Q: Why is the test for divergence inconclusive in this case?

The test for divergence involves determining the limit as n approaches infinity. In this case, the limit is 0, which does not provide enough information to conclude whether the series converges or diverges.

Q: How is the limit comparison test applied in this analysis?

The limit comparison test involves comparing the given series with a known divergent series, such as the harmonic series. By taking the limit as n approaches infinity, the comparison is made to determine if the series also diverges.

Q: How is L'Hopital's rule used in the analysis?

L'Hopital's rule is used to evaluate the limit of a 0/0 situation. In this case, the rule is applied to determine the limit of 2 to the power of 1/n as n approaches infinity, resulting in a value of ln(2). This value is then used in the limit comparison test.

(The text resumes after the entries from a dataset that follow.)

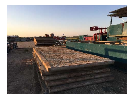
3.10.1 Rig Mats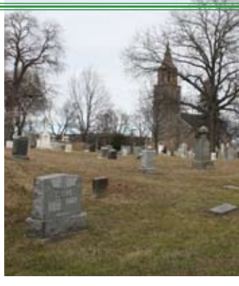
Stewardship is the careful and responsible management of something entrusted to a person or community's care.

What are some things YOU can do to help care for our National Parks?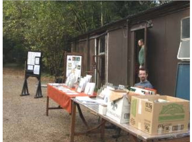
Nunhead, London – Welcoming visitors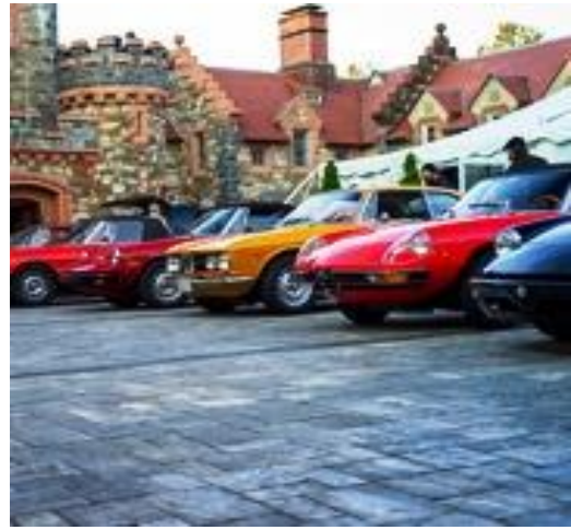
Figure 4 Parking in the Courtyard

After the overview we walked through the castle. It is in exceptionally good condition and as we walked through the rooms, we were reminded of the tours we have made of castles and estates in England and France. It was quite enjoyable.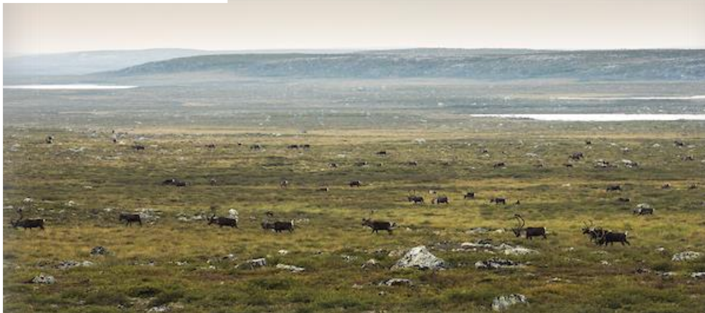
Photo 8 - Caribou, Ekati Diamond Mine.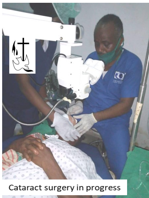
Cataract surgery in progress

Your support is vital for us to continue to provide free medical care to those who desperately need cataract and other surgeries. Through your donations, these patients who do not have the resources to afford operations can have the chance to regain their eyesight!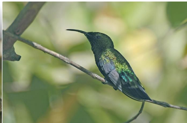
Left: Antillean Crested Hummingbird, 22 March 2006, Deshaies, Guadeloupe; right: Green-throated Carib, 30 March 2006, Le Diamant, Martinique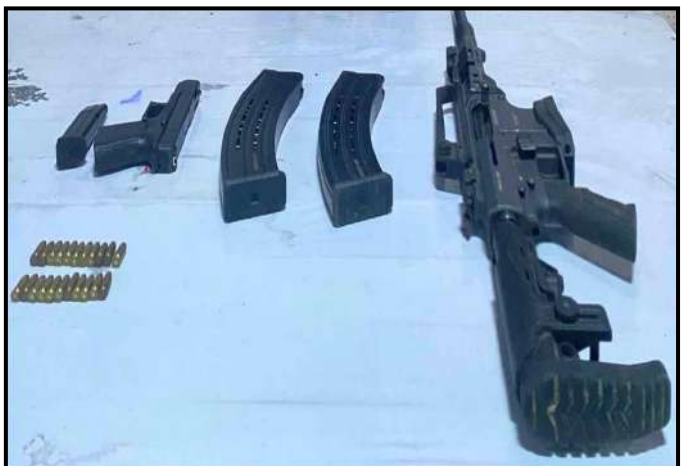
Weapons and ammunition seized in No (6) ward at Zabuuthiri (8) road in Thakayta township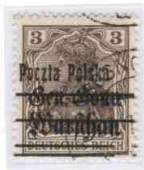
yellow-olive-brown GGW semi-glossy

subsequent rows in the sheet - distance of the second to third line 4.0 mm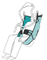
Allegro Pivot Care Sling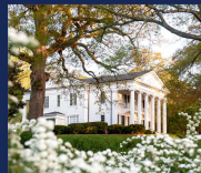
Tour Oak Hill and The Marthas Berry Museum and gardens.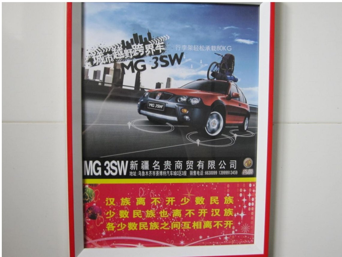
Figure 5.1: “The Han can never leave Shaoshu Minzu , Shaoshu Minzu can never leave the Han, and all Shaoshu Minzu can never leave each other”.

In Xinjiang, news broadcasts, school textbooks, and political slogans analysed in previous chapters are saturated with the discourse of minzu tuanjie in such a way that it is “everywhere” in the sense Foucault (1991) intended in Will to Knowledge . Understanding minzu tuanjie thus requires we look beyond the ‘high’ politics of party conferences and explore the texts which people encounter in the ‘low’ politics of the everyday. One textbook used in minzu tuanjie classes explains that one of the key precepts of minzu tuanjie is Jiang Zemin’s concept of “The Three Cannot Leaves” ( sange libukai ). The concept of sange libukai emerged prior to the Cultural Revolution. Following its disuse, Jiang Zemin re-introduced the idea during his 1990 visit to Xinjiang. It now appears in all party documents and educational materials on ethnic relations: “The Han can never leave Shaoshu Minzu , Shaoshu Minzu can never leave the Han, and all Shaoshu Minzu can never leave each other” (see figure 5.1). In this case, the advert for “boundary-crossing” MG Cars appeared alongside the “three cannot leaves” in a urinal in an Ürümchi coffee shop. The Han and minorities are imagined as one indivisible national geo-body. The everywhere-ness of this discourse can be seen where identity politics and commercial advertising appear not only in competition for public space but alongside and merged into another.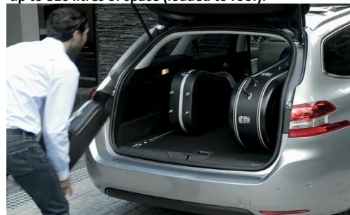
Low Boot Sill for easier loading.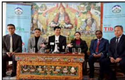
President Dr Lobsang Sangay addressing the press conference on the launch of new Summer Livelihood Support Programme for the year 2019 by SARD, Department of Finance, CTA at Kashag Secretariat hall.

The Social and Resource Development Fund (SARD), Department of Finance rolled out a new Summer Livelihood Support Programme for 2019, under which CTA will provide loans worth a total of Rs 12 Crores (120 Million) at a minimal 3% interest rate to support Tibetan Summer businesses across India.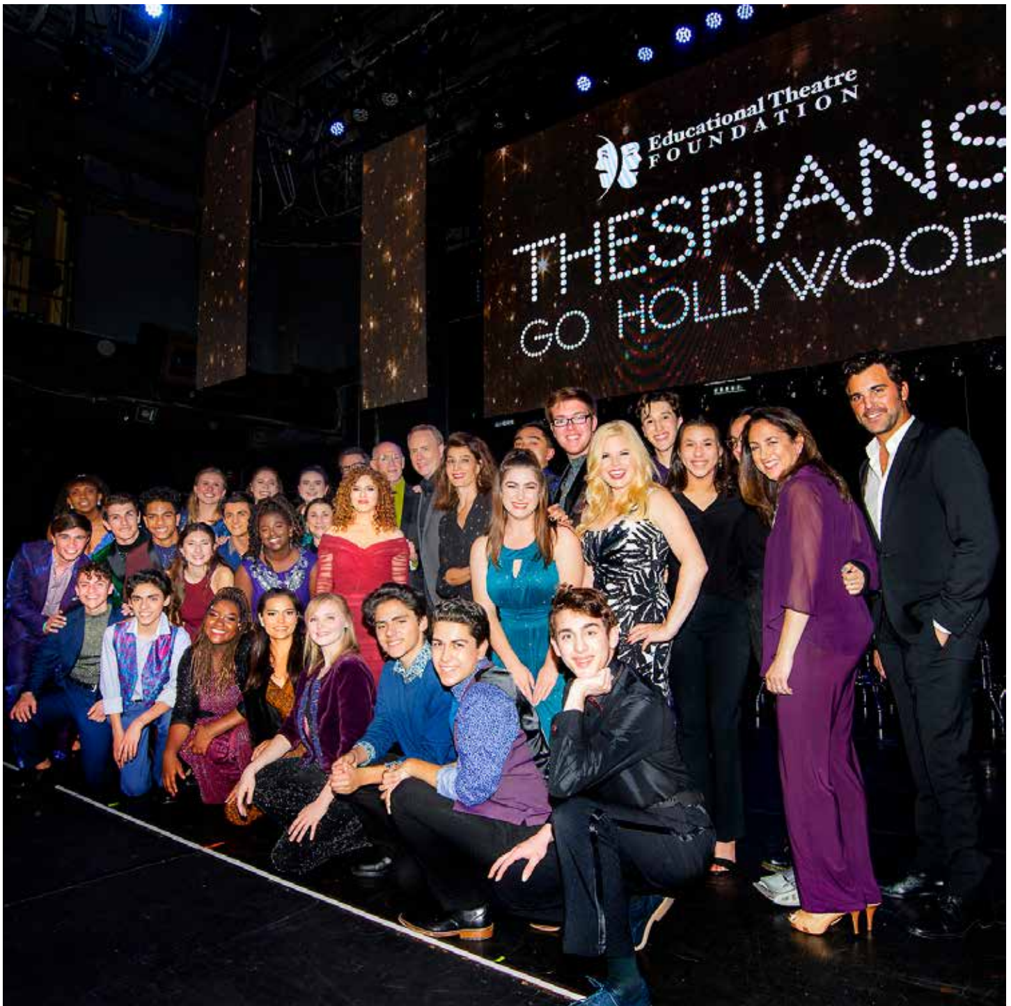
2019 Thespians Go Hollywood

It is in that spirit that we hope you will remain engaged in this profoundly important undertaking in Craig's name.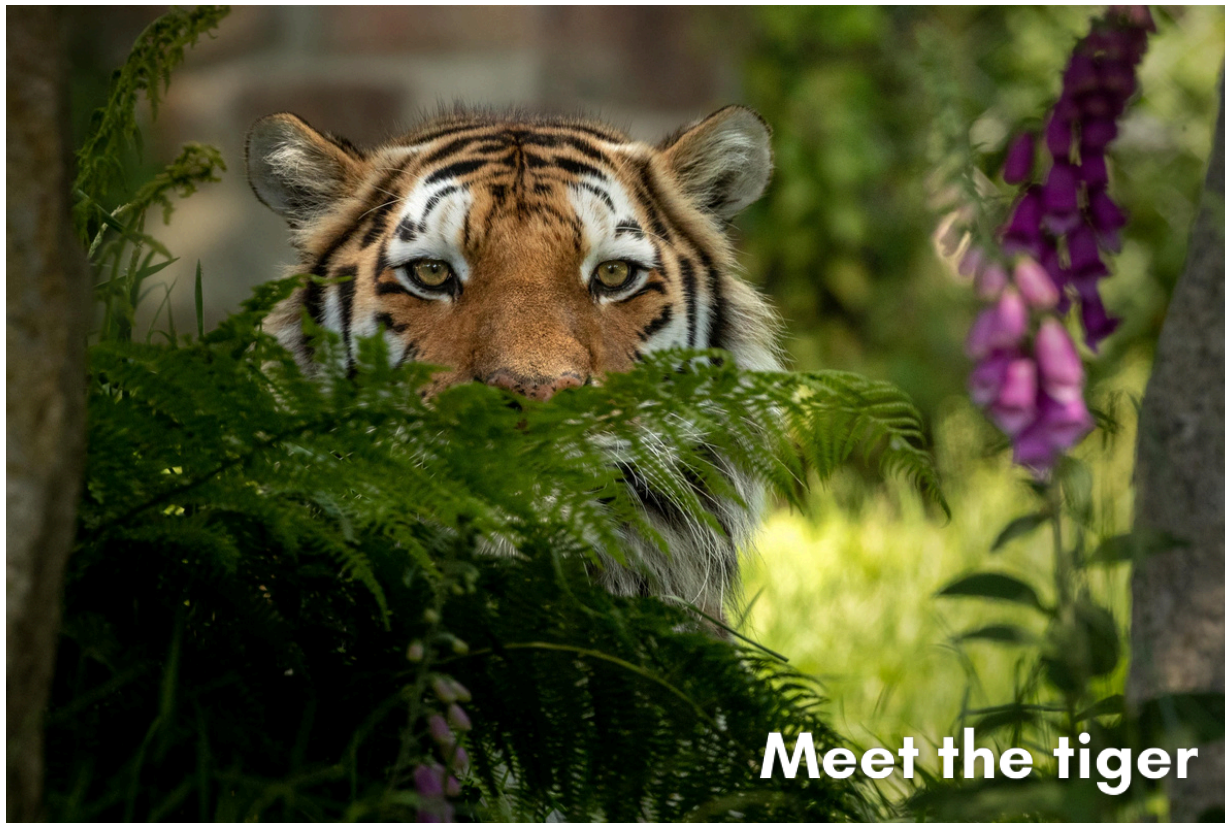
Meet the tiger

Other experiences can include feed the otters or falconry displays upon request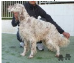
GIBELTARIK BORIS 2000-12-14 (M) GKC02014 (Ch T GQ) - liver

Q: What is the final conclusion reached in the analysis?

The series represented as Sigma n goes from 1 to infinity of the nth root of 2 minus 1 also diverges, determined by using the limit comparison test and comparing it with the harmonic series.

Summary & Key Takeaways

  • The content introduces the concept of representing nth root as a power in a series.

  • The test for divergence is attempted, but it fails due to resulting in 0.

  • The limit comparison test is used to compare the series with the harmonic series, concluding that it also diverges.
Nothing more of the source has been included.